Surprise and disbelief mingled in Sidious’s blue eyes. “The Force?”
“Yes,” Plagueis said pensively. “But I failed to exercise due caution. As we attempt to wrest the powers of life and death from the Force, as we seek to tip the balance, the Force resists our efforts. Action and reaction, Sidious. Something akin to the laws of thermodynamics. I have been audacious, and the Force has tested me the way Tenebrous sought to. Midi-chlorians are not easily persuaded to execute the dictates of one newly initiated in the mysteries. The Force needs to be won over, especially in work that involves the dark side. It must be reassured that a Sith is capable of accepting authority. Otherwise it will thwart one’s intentions. It will engineer misfortune. It will strike back.”
“The Maladians—”
“Perhaps. But in any case this is why the Jedi Order has descended into decadence and is dragging the Republic down with it. Because the Jedi have lost the allegiance of the Force. Yes, their ability to draw energy from the Force continues, but their ability to use the Force has diminished. Each of their actions engenders an opposite, often unrecognized consequence that elevates those attuned to the dark side; that buoys the efforts of the Sith and increases our power. Yet our use of that power requires delicacy. We must be alert to moments when the light side falters and openings are created. Then, and only then — when all the conditions have been met — can we act without fear of meeting resistance or repercussion.
“To say that the Force works in mysterious ways is to admit one’s ignorance, for any mystery can be solved through the application of knowledge and unrelenting effo
rt.

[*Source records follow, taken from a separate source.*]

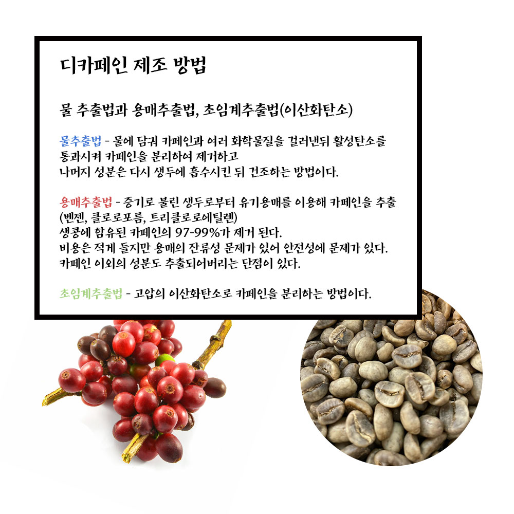 | 카페인 제거율 | 90% 이상 | 99% 이상 | 99% 이상 |
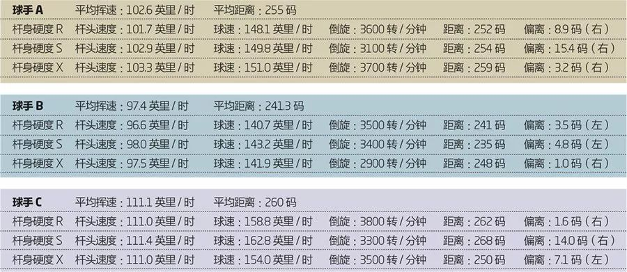 由美国量身定做实验,我们不难发现:对于挥杆速度最快的球手C,如果他使用了X硬度的杆身,那么他的挥杆效率平均值是,球速降低了8.8英里/时,由此带来18码的开球距离损失;对于挥杆速度最慢的球手B,从R杆身过渡到X杆身,他得到了更快的挥杆速度,更快的球速,较少的倒旋,更远的距离和更紧凑的落点区间!
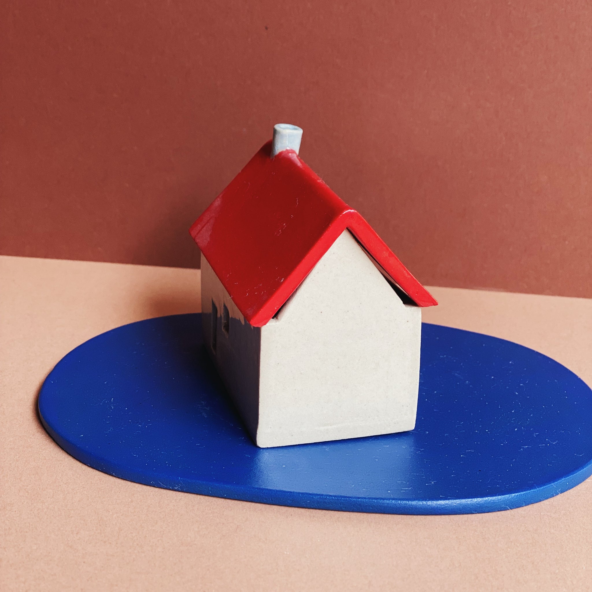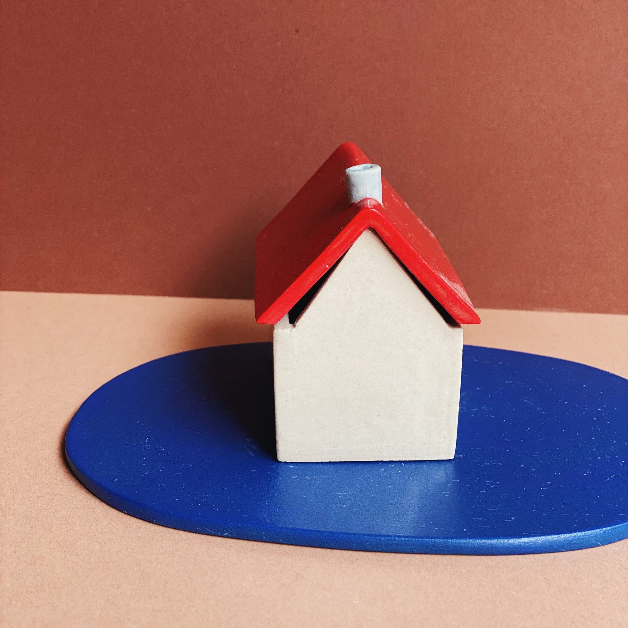 Handgefertigtes Häuschen aus Steinzeug, illustriert mit farbigen Engoben und Unterglasuren und einem Finish aus transparenter, glänzender Glasur. Jedes Häuschen wird in einem eigens dafür gestalteten Karton und einer kleinen Überraschung versendet.
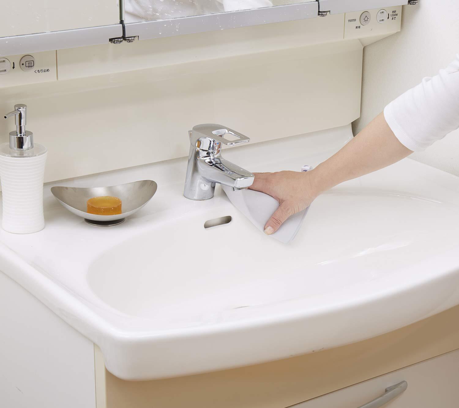 鏡についた汚れ、濡れた洗面台もサッとひと拭き。
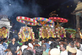 The deities of Panchamoorties (5 gods) seated on special carriages was taken on a proession around the streets adjacent to the temple corridors.
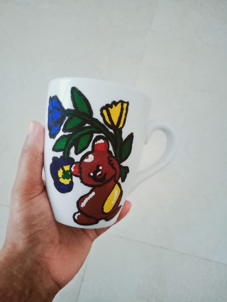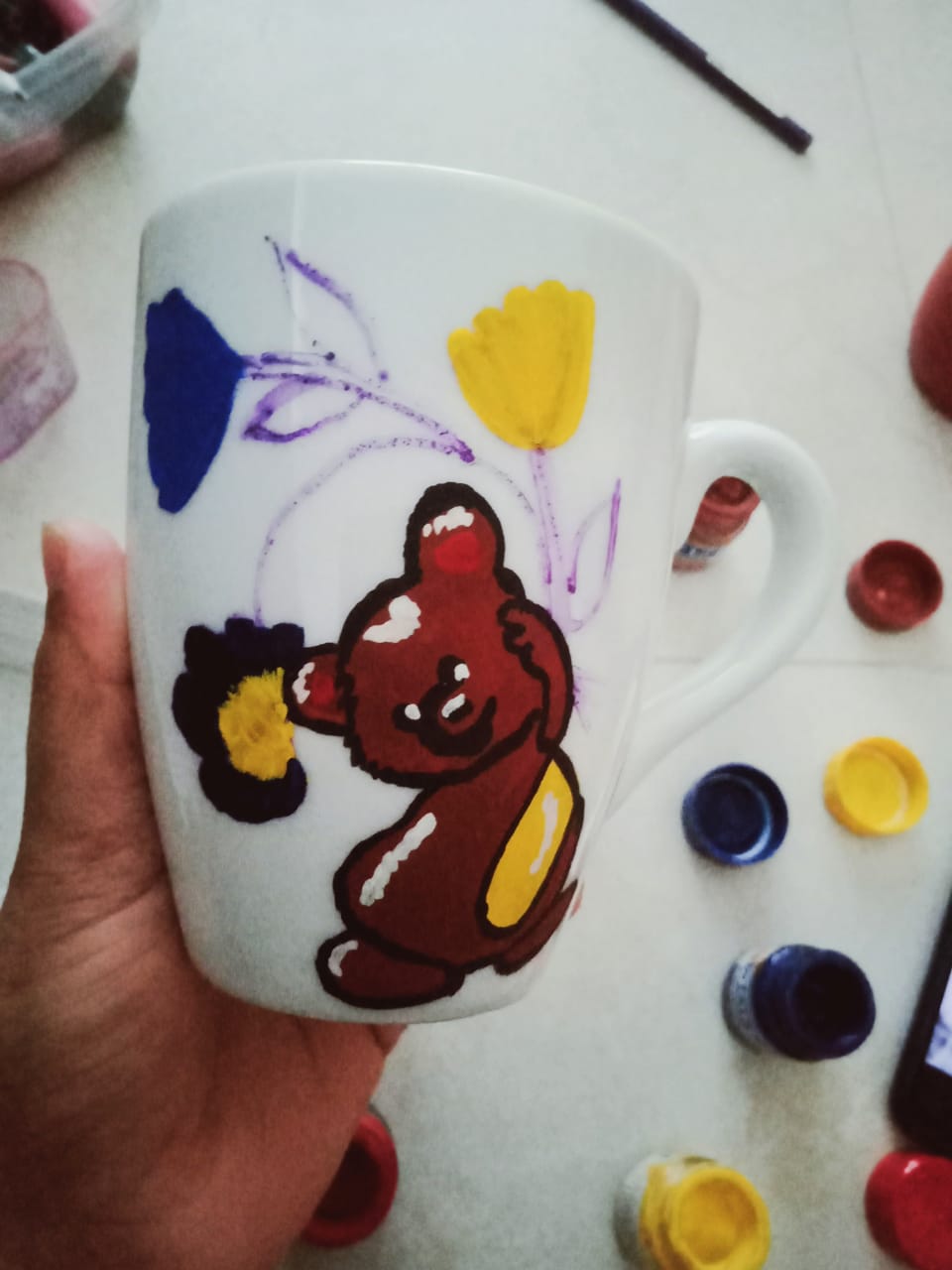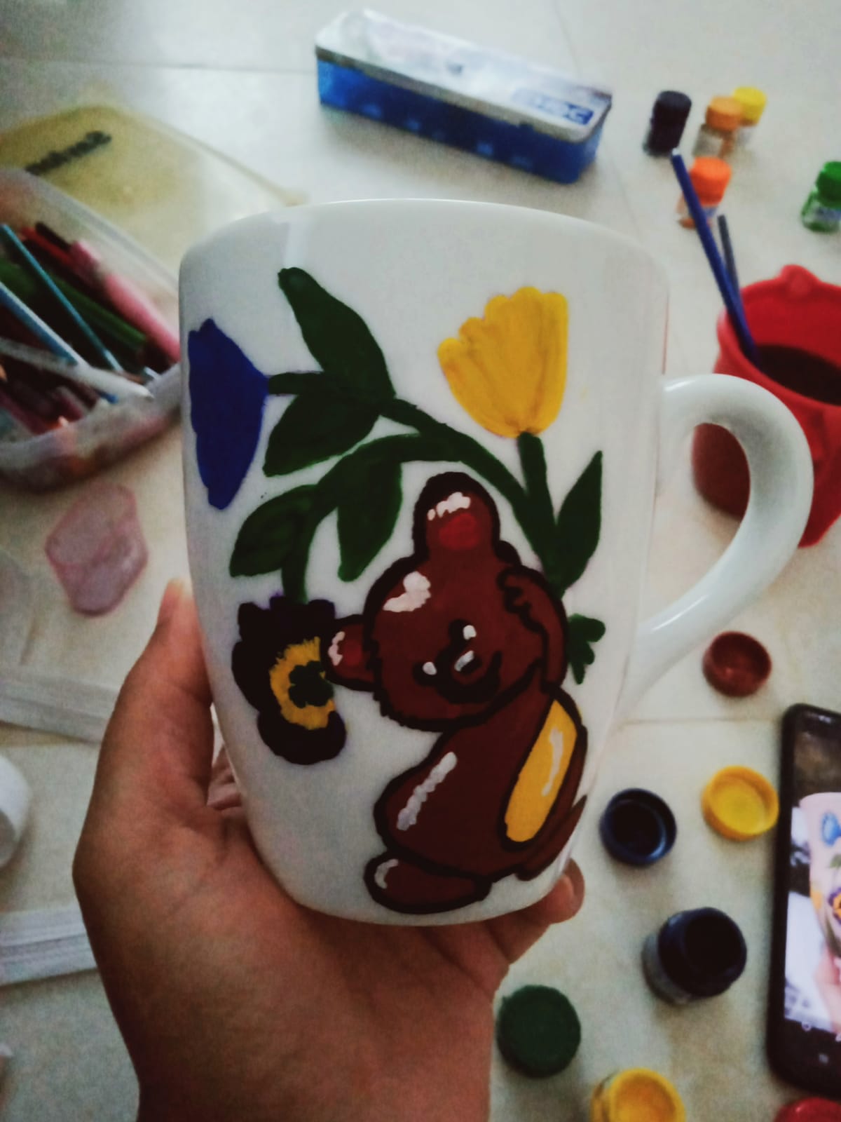 The painting that I did today is a picture of a teddy bear on a ceramic mug and a picture of flowers. I was inspired by this picture from Google and decided to paint this picture. So without further ado, let's come to the main discussion.
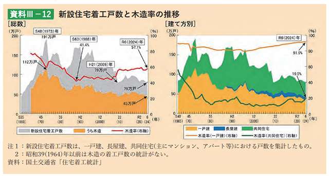 2024年の新設住宅着工戸数は前年比3.4%減の79万戸で、このうち木造住宅が同0.5%減の45万戸となった。新設住宅着工戸数に占める木造住宅の割合(木造率)は、一戸建て住宅では91.9%と高かった。工法別のシェアは、木造軸組工法(在来工法)が76.6%、ツーバイフォー工法が21.0%、木質プレハブ工法が2.4%となっている。
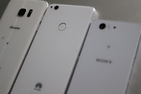 画像を見る背面がガラスということで左から5.5インチのGalaxy S7 edge、5.2インチのnova lite、4.6インチのXperia Z3 Compact

As we had our way with the Senate, and as we will soon have our way with the Republic and the Jedi, we will have our way with the Force.”
Silenced by awe, Sidious scarcely knew how to respond. “What would you have me do, Master?”
The transpirator emitted a series of tones, and Plagueis inhaled deeply. “I will relocate to Sojourn in order to devote myself fully to our investigations, to furthering the imperative, and to healing myself.”
“What will become of Aborah?”
“For the time being it can serve as a repository.”
“And Damask Holdings?”
“The group will not be re-formed, though I may continue to host annual Gatherings. And I will tutor San Hill personally, to prepare him for assuming chairmanship of the Banking Clan.”
“Why do we need them?”
In a harsh whisper, Plagueis said, “Because war is now on the agenda, Sidious. But our actions must be circumspect, restricted to those star systems rife with petty conflicts, where appropriate beings can be encouraged, appropriate operations can be funded … We must arrange for worlds in the Outer Rim to suffer while the Core prospers. Pathetic as those worlds may be, we have no choice but to use what we have at hand.
“The IBC will be essential in financing the war we will slowly foment. We will need the Banking Clan to finance the manufacturers of weapons and to sustain an alternative economy for the eventual enemies of the Republic.” Plagueis looked directly at Sidious. “Our success will be measured by signs and portents. There is much you need to learn regarding the Yinchorri and the Kaminoans. But all in due time. For now, Sidious, know that you are the blade we will drive through the heart of the Senate, the Republic, and the Jedi Order, and I, your guide to reshaping the galaxy. Together we are the newborn stars that complete the Sith constellation.”
Sidious touched the cleft in his chin. “I’m relieved to learn that I didn’t disappoint you, Master. But the Jedi summoned the police to the Fobosi district moments after we left. The plan is already endangered.”